Nei testi profetici post-esilio, il giorno del Signore è anche il giorno del riscatto di Israele.
La Lettera ai Romani riprende le espressioni dei profeti, chiamando il giudizio di Dio “giorno dell’ira” (Rm 2,6), mentre in 1-2Corinzi assume una valenza positiva come compimento della salvezza.
Qui in 1Ts 5,2, “il giorno del Signore”, associato all’immagine minacciosa del ladro notturno, si riferisce al giudizio di Dio della tradizione profetica, giorno di rovina per gli empi.
Viaggio
Un Dio che si mette in viaggio: è questa la rivelazione di questa domenica. A pensarci bene, chi viaggia ha un'attitudine non solo all’avventura, ma soprattutto, alla fiducia. La fiducia di poter scoprire cose nuove e cose belle, di poter essere accolto e persino aiutato nel proprio cammino. I sedentari rischiano di diventare sospettosi! Il nostro non è un Dio sospettoso e meno ancora un Dio dispettoso.

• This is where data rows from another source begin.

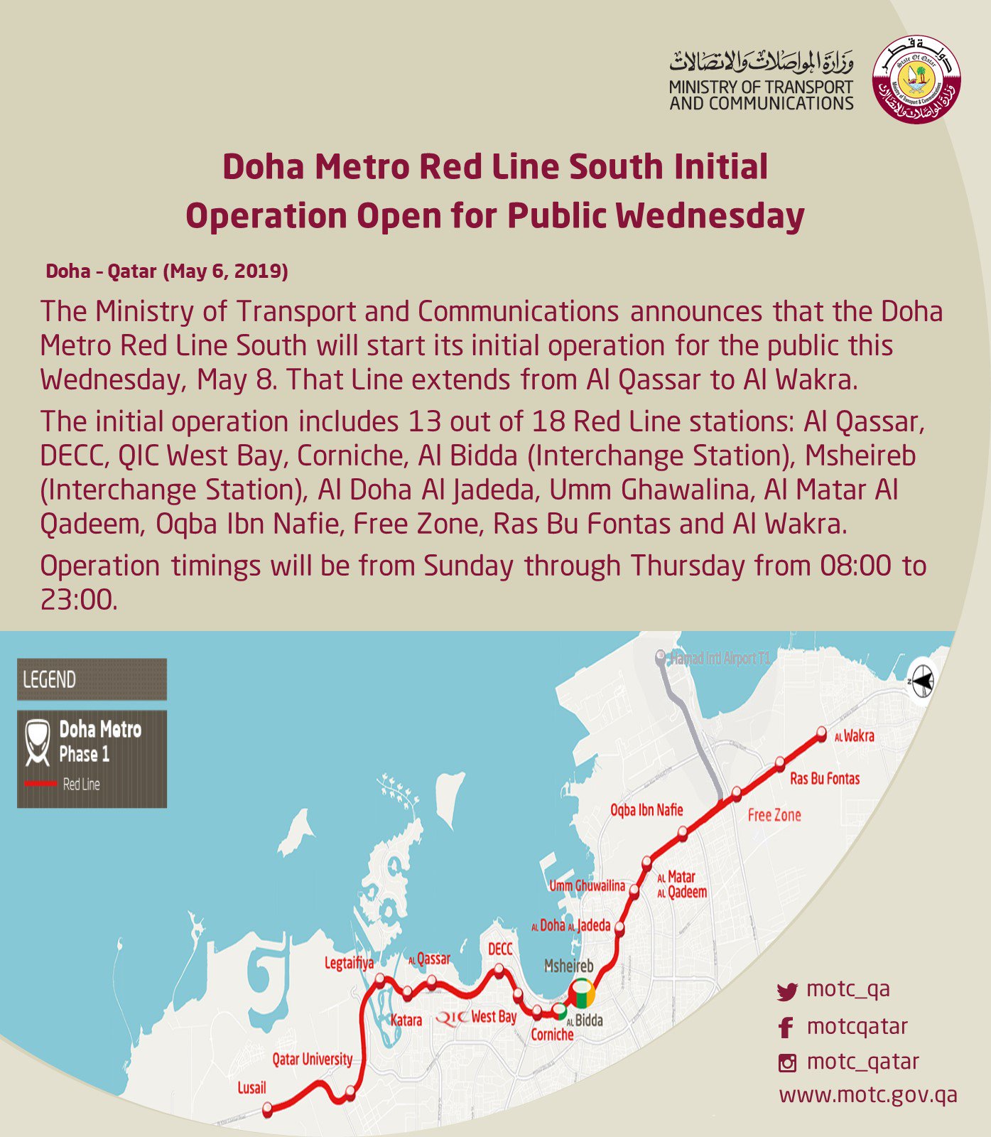दोहा मेट्रो अन्तर्गत रेड लाइन दक्षिण तर्फको प्रारम्भिक सेवा यो मे ८ तारिक बुधबार सर्वसाधारणका लागि खुला गरिने यातायात तथा संचार मन्त्रालयले बताएको छ । यो मार्ग अल कासर देखि अल वक्रा सम्म पर्दछ ।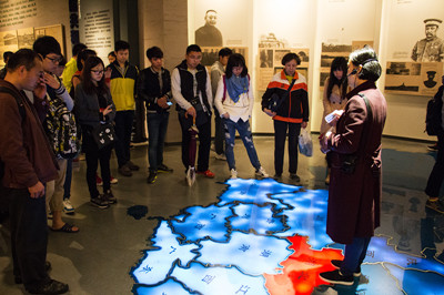 天空中下着大雨,但是阻挡不了我们参与活动的热情,学生上午9点30进入辛亥革命博物馆,颇具气势的大型浮雕《共和之基》映入眼帘。整座雕塑包括起义背景、武昌首义、创建共和三个部分,涵盖“同盟会的成立”、“黄花岗起义”、“保路运动”和“武昌起义”等元素。随后进入展厅,电子“动态时局图”显示的“条约墙”场景配合浮雕、壁画、、多媒体等为厚重的辛亥百年史拉开帷幕。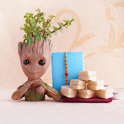 Rudraksha Rakhi with Haldiram Kaju Burfi N Jade Plant

Sono tante le immagini e le suggestioni che ci vengono offerte dalla liturgia della parola di questa domenica, con cui cominciamo a gustare il compimento di un altro anno liturgico. Tra le tante, vogliamo privilegiarne e sottolinearne una in particolare, proprio quella del viaggio!

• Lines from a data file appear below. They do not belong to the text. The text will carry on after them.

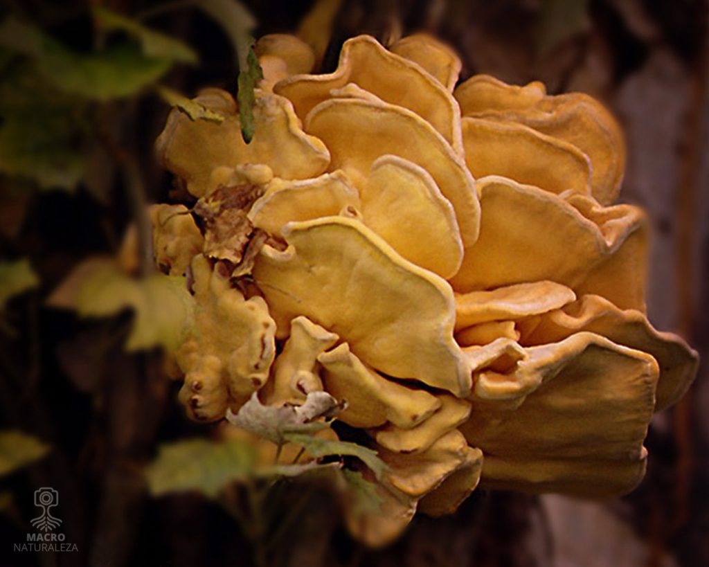 Su crecimiento comienza como una pequeña protuberancia adherida al tronco, que poco a poco se expande formando estructuras en forma de abanicos superpuestos, creando un conjunto llamativo y fácilmente reconocible. Su color, que varía según la humedad, oscila entre el amarillo azufre y el naranja intenso, con una textura suave similar a la gamuza.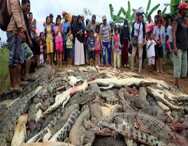 The crowded localities of Indonesia killed more than 300 crocodiles in revenge for the death of a man killed by a crocodile at a breeding farm. The revenge killing happened on Saturday in Papua province following the funeral of the man. The victim identified as 48-year-old Sugito, who was bitten on the leg and then fatally struck with a tail of one of the crocodiles perished while looking for grass to feed his livestock.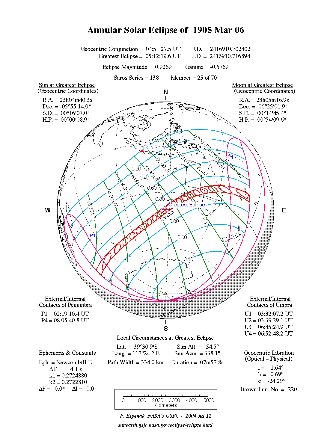 - Path Table: Annular Solar Eclipse of 1905 Mar 06 - coordinates of the central line and path limits

La parabola che il Signore Gesù ci racconta quest’oggi certo parla di quei tre servitori con cui siamo chiamati a misurarci e a commisurarci, ma prima di tutto attira il nostro sguardo e la nostra attenzione su
«un uomo che, partendo per un viaggio, chiamò i suoi servi e consegnò loro i suoi beni» (Mt 25,14).

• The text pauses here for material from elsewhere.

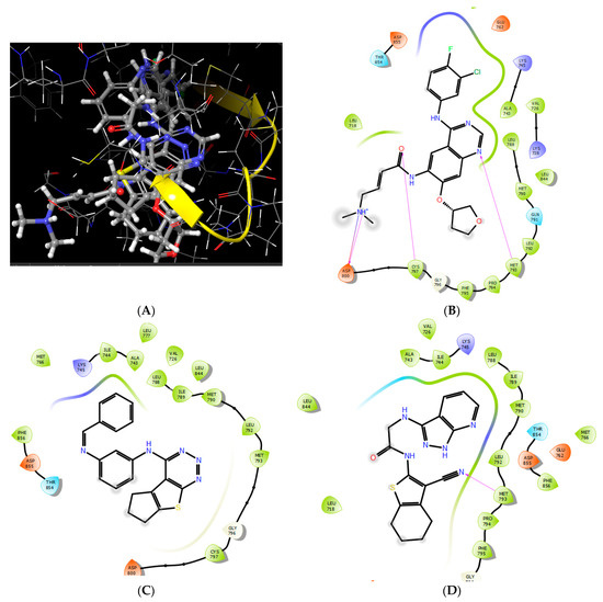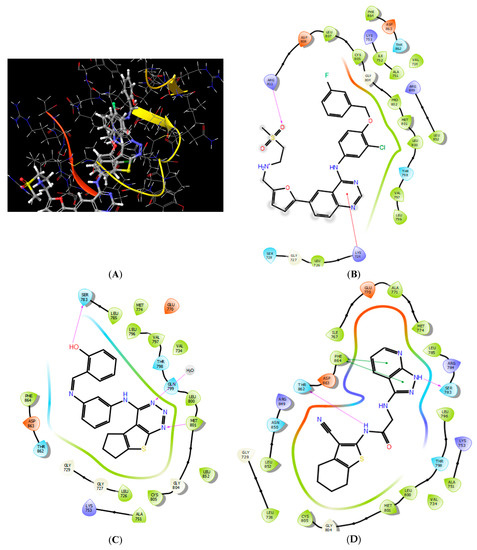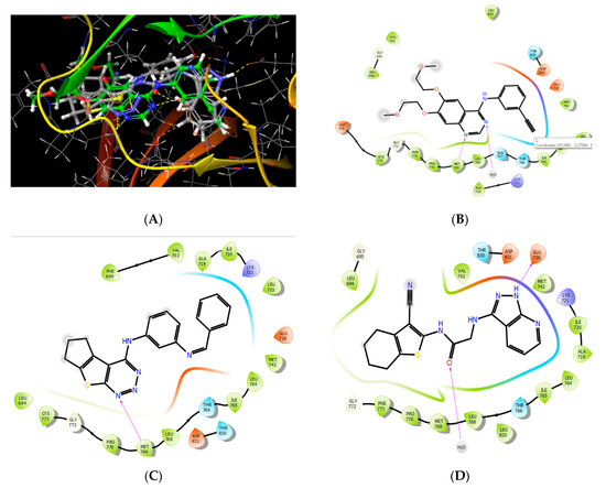 Computer-aided simulation of drug design saves effort, time, and energy compared to conventional methods of drug production. Molecular-based drug design was proposed in order to predict the possible interactions of the target compounds with EGFR/HER2. Using Glide in the Schrodinger program for docking, the modulation activity of erlotinib (3) and afatinib (5) derivatives against the EGFR/HER2 receptor was determined, as shown in Figure 4. The designed compounds were docked into the ATP-binding pocket as a thienotriazine and tetrahydrobenzothiophene scaffold, mimicking the ATP adenine ring occupying the hinge region motif of TKs. The positions of thienotriazine (14a), tetrahydrobenzothiophene (21a), erlotinib (3), and afatinib (5) were similar, which implies that they might share the same biological activity. The docking results show, in detail, that the designed TKI formed hydrogen bonds, hydrophobic contacts, and hydrophobic–hydrophilic interactions with the target TKs. N1 of the triazine motif in series A and B could act as a hydrogen bond acceptor and form hydrogen bonds with MET769 (distance 2.4 Å, angle 143.6) in the hinge region, mimicking the N1 of quinazoline in the approved drug erlotinib (3) (distance 2.2 A, angle 135.7). In series C, a tetrahydrobenzothiophene scaffold occupied the hinge region in the same position of quinazoline, forming a hydrogen bond with crystal water, mimicking the N3 of erlotinib’s quinazoline. The phenyleneimine and pyrazolopyridine moieties deeply penetrated the hydrophobic pocket, forming hydrophobic–hydrophobic, Van der Waals, and π–π interactions with key amino acids such as ALA719, ILE720, MET742, LEU753, and LEU764, mimicking the phenylacetylene of erlotinib (3). Modifying these moieties, such as by adding hydroxy, nitro, or methoxy groups, could enhance affinity through the formation of hydrogen bonds with GLU738 and LYS721. The incorporation of CN at position 3 of tetrahydrobenzothiophene could confer series C with a certain superiority by forming hydrophobic interactions with LEU694 and VAL702. Extra precision glide docking of compounds (14a) and (21a) with the active domain of EGFR showed reasonable docking scores of −6.78 and −7.69 and glide E-model values of −64.6 and −71.2 kcal mol−1, respectively.

In realtà, mentre quest’uomo sta per mettersi in viaggio, ne rende indirettamente partecipi anche i suoi servi, a cui affida i suoi beni e in questo modo li rende partecipi del suo cammino, trasformando il tempo dell’assenza e della lontananza in un momento di vera e profonda comunione. La liturgia ci aiuta a comprendere il mistero di questi tre servi che, in certo modo, ci rappresentano in quelli che sono i momenti più generosi e più timorosi della nostra esistenza e della nostra sequela. Per farci coraggio ci viene offerto l’esempio di «una donna forte» (Pr 31, 10).
Il segreto della fortezza di questa donna non sta certo nei muscoli, né – c’è da augurarselo! – nei baffi, ma proprio nella sua perseverante e tenace laboriosità, fondata su un rapporto con il tempo assolutamente vigilante e capace di approfittare di ogni occasione e di ogni situazione per dare il meglio di se stessa e di farlo a favore degli altri, con un’attitudine significativa che fa la differenza nel senso della qualità: «e li lavora volentieri con le mani» (31,13).
Forse il vero rimprovero che viene fatto al «servo malvagio e pigro» (Mt 25,26) non è quello di aver fatto perdere un certo profitto al suo padrone, bensì di non essere stato in grado di cogliere una possibilità per la sua vita di compiere un piccolo grande viaggio interiore: quello che ci permette di passare dall’orizzonte mortificante e mortifero della «paura» (25,25) al coraggio di rischiare, tanto da diventare, nonostante tutto e attraverso tutto, una persona in cui si «confida» (Sir 31,11). L’apostolo Paolo, a sua volta, ci dà uno svegliarino perché non ci lasciamo prendere dal torpore spirituale ed esistenziale:
«Non dormiamo dunque come gli altri, ma vigiliamo e siamo sobri» (1Ts 5,6).
Come quando la mattina ci svegliamo, ancora una volta, e ci mettiamo in cammino per affrontare «volentieri» le sfide di una nuova giornata, così in ogni momento siamo chiamati a fare della nostra esistenza un vero viaggio, fatto di fatica, ma anche di gioia. Tutti sappiamo che nessun viaggio – degno di questo nome – sarebbe possibile senza una buona dose di curiosità e di disponibilità all’avventura e alla scoperta. Il Signore si rivela a noi, oggi, come perennemente in «viaggio» e ci invita a non rimanere prigionieri delle nostre paure e delle nostre ossessioni, per dare alla nostra vita una possibilità di incremento, una speranza di novità, senza lasciarci addormentare dal timore di sbagliare. Riprendendo il salmo potremmo dire: «Beato chi… cammina» (Sal 127,1).